[Opening Available data section]
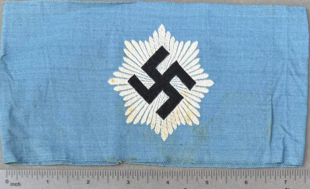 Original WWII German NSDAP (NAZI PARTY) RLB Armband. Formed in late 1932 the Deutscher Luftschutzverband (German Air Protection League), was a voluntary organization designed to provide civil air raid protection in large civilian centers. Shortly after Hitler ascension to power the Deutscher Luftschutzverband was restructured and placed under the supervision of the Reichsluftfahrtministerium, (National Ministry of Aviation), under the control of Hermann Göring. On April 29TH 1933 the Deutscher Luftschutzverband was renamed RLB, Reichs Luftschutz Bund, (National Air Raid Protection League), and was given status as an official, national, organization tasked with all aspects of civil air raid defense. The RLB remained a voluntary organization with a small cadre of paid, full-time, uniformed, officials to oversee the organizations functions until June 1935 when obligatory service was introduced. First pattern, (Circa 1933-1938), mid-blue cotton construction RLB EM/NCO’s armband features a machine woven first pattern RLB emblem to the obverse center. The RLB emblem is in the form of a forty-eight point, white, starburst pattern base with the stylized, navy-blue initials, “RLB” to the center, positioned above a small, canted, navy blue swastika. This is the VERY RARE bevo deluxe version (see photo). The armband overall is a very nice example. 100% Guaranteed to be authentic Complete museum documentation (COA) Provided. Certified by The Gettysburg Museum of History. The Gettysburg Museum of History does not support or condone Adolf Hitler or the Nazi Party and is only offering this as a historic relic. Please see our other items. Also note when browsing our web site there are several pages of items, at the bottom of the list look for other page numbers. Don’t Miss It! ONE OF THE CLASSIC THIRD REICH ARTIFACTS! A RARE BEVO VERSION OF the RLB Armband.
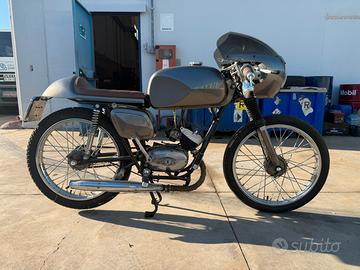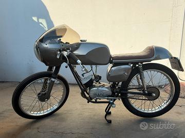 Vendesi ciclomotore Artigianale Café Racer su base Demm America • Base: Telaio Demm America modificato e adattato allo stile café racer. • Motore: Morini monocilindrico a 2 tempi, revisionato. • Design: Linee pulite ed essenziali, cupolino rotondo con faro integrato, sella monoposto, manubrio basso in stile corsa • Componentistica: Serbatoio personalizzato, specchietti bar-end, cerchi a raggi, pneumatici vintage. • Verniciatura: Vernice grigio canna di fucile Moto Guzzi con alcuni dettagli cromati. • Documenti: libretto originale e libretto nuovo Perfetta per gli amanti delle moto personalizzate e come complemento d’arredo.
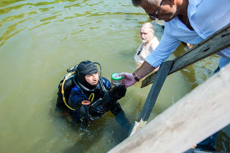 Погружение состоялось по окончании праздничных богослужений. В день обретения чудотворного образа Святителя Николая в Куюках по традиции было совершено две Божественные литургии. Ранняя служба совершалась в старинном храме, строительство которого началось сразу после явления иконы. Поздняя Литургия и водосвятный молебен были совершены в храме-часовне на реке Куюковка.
[Closing Available data section]
* [Aim of the task]
Starting where a line contains "Vendesi ciclomotore Artigianale" and finishing at the last line above, set down every line exactly as it reads, with no pictures.

* [Task response]
 Vendesi ciclomotore Artigianale Café Racer su base Demm America • Base: Telaio Demm America modificato e adattato allo stile café racer. • Motore: Morini monocilindrico a 2 tempi, revisionato. • Design: Linee pulite ed essenziali, cupolino rotondo con faro integrato, sella monoposto, manubrio basso in stile corsa • Componentistica: Serbatoio personalizzato, specchietti bar-end, cerchi a raggi, pneumatici vintage. • Verniciatura: Vernice grigio canna di fucile Moto Guzzi con alcuni dettagli cromati. • Documenti: libretto originale e libretto nuovo Perfetta per gli amanti delle moto personalizzate e come complemento d’arredo.
 Погружение состоялось по окончании праздничных богослужений. В день обретения чудотворного образа Святителя Николая в Куюках по традиции было совершено две Божественные литургии. Ранняя служба совершалась в старинном храме, строительство которого началось сразу после явления иконы. Поздняя Литургия и водосвятный молебен были совершены в храме-часовне на реке Куюковка.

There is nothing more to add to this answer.